= Work to complete =
Starting at the line that contains "Brücke vom Amtsplatz", write out every line to the end of the records below exactly, and leave out the pictures.

= Exercise data =
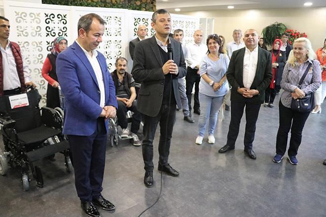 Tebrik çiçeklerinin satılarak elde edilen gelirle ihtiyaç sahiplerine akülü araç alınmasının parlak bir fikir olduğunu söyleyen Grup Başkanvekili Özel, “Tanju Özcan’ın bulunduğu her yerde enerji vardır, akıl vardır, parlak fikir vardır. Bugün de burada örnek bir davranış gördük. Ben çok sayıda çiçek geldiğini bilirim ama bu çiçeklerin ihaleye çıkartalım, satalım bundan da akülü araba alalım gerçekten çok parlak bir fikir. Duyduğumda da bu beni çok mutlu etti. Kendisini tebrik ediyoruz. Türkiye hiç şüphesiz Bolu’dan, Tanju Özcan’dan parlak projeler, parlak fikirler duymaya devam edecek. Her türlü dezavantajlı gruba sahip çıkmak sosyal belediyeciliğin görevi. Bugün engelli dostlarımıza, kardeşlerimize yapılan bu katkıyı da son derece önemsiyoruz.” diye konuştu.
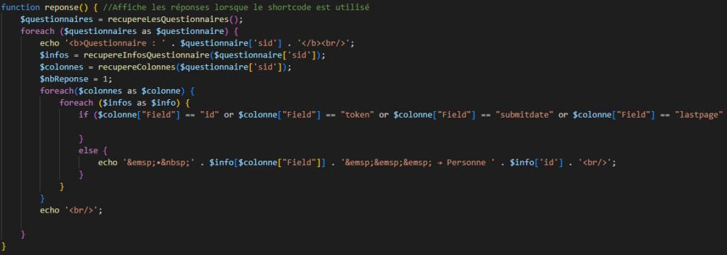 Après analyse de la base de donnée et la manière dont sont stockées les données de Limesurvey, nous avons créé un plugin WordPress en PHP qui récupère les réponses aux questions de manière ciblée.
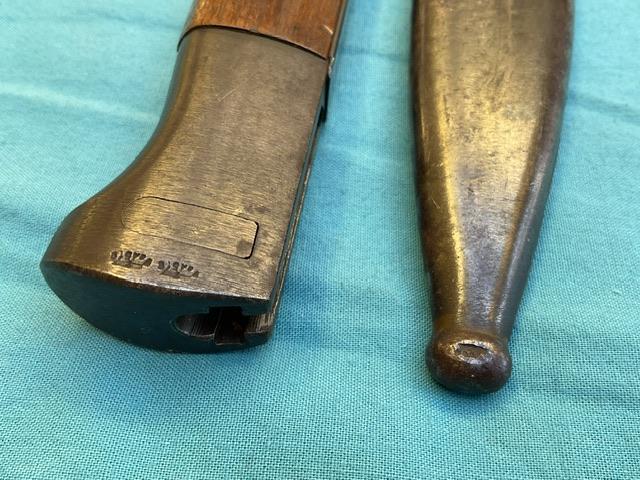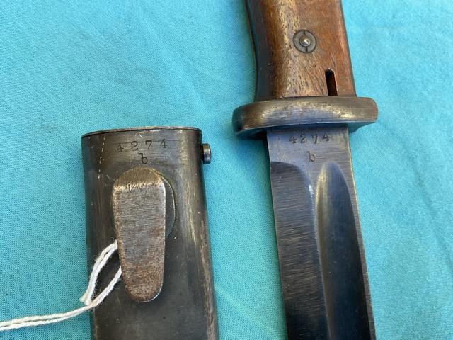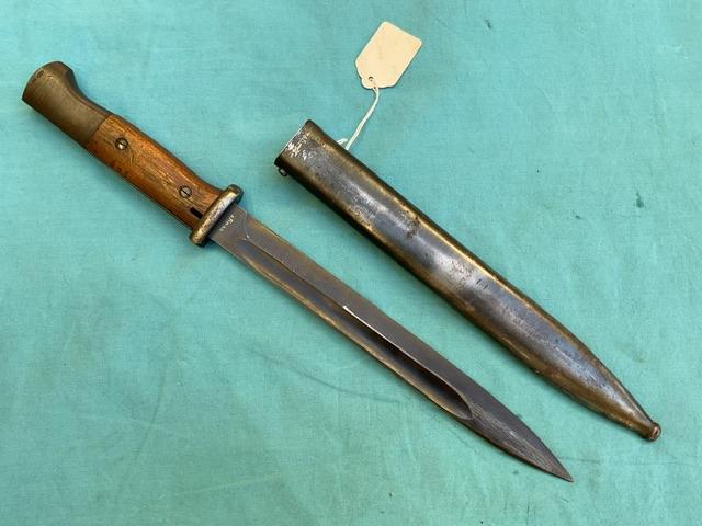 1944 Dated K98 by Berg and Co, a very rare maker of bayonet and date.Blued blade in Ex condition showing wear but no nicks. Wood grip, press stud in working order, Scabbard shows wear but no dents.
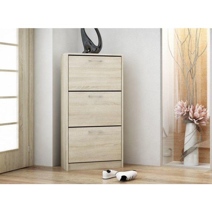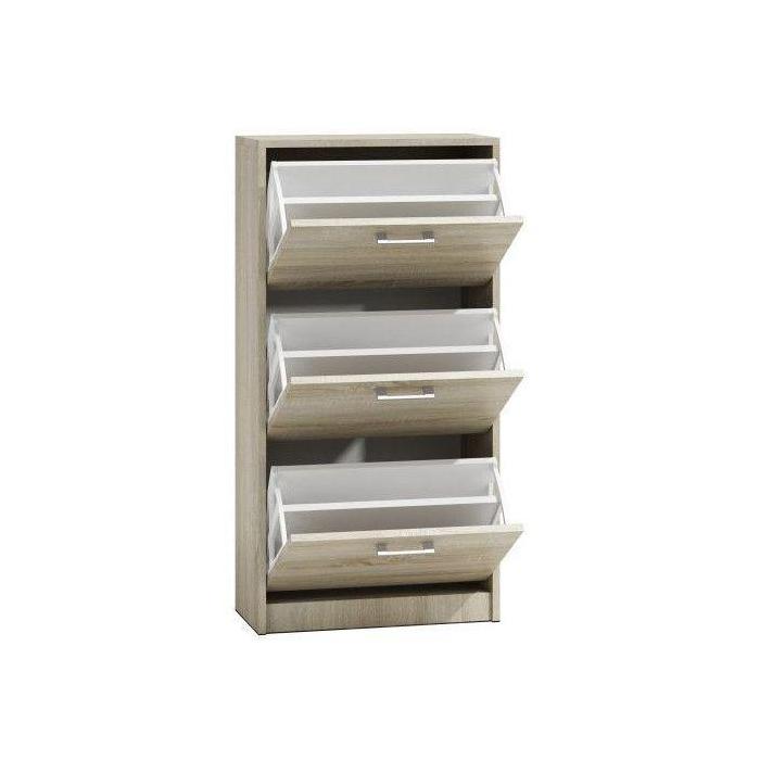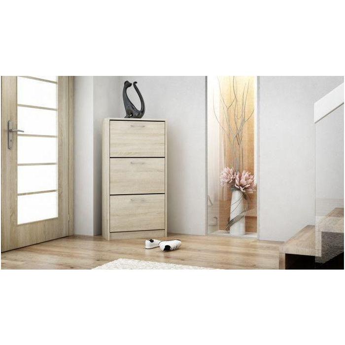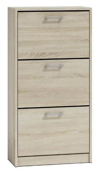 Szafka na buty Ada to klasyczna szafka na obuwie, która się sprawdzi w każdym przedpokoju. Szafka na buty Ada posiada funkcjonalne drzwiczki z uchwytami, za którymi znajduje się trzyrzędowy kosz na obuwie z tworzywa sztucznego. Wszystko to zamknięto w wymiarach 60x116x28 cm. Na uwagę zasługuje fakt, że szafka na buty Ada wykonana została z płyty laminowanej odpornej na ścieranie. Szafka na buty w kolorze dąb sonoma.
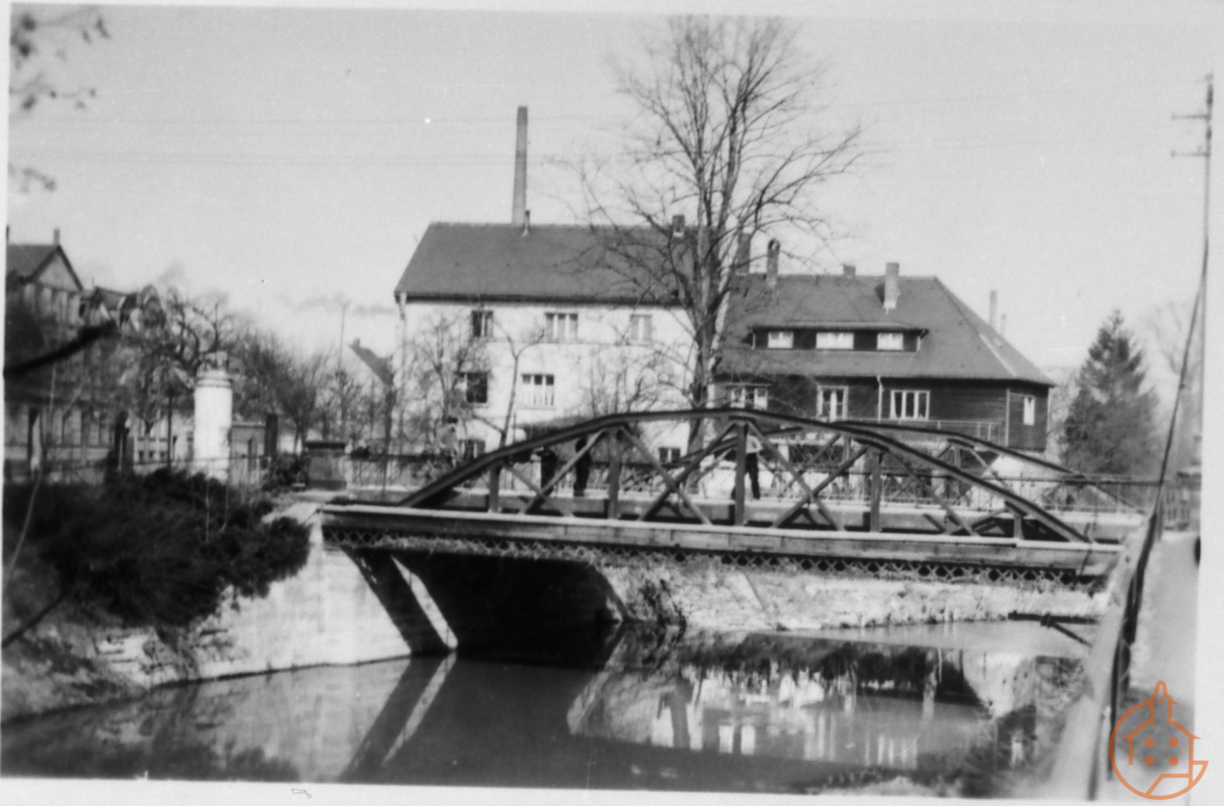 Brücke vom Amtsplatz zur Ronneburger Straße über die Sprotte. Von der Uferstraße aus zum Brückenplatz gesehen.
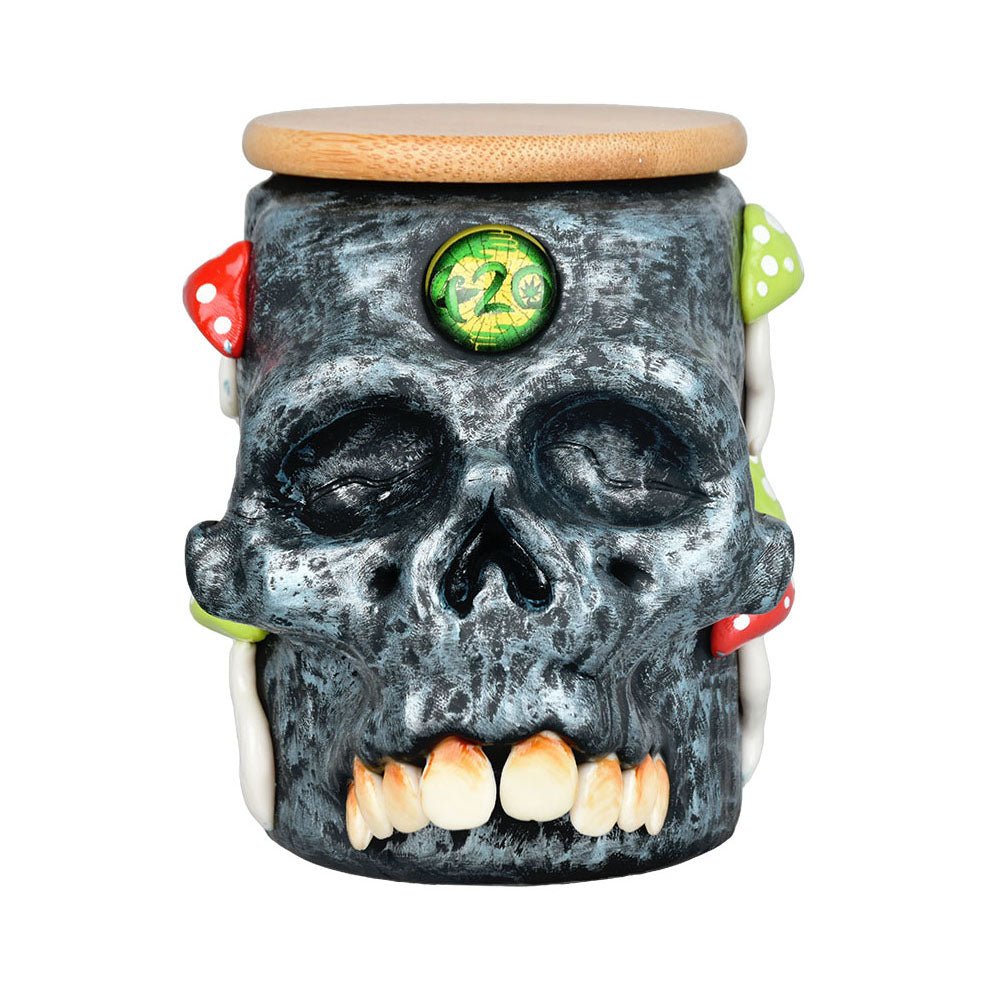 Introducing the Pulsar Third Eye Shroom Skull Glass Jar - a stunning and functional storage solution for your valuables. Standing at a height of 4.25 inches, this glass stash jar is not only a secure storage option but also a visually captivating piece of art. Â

= Output =
 Brücke vom Amtsplatz zur Ronneburger Straße über die Sprotte. Von der Uferstraße aus zum Brückenplatz gesehen.
 Introducing the Pulsar Third Eye Shroom Skull Glass Jar - a stunning and functional storage solution for your valuables. Standing at a height of 4.25 inches, this glass stash jar is not only a secure storage option but also a visually captivating piece of art. Â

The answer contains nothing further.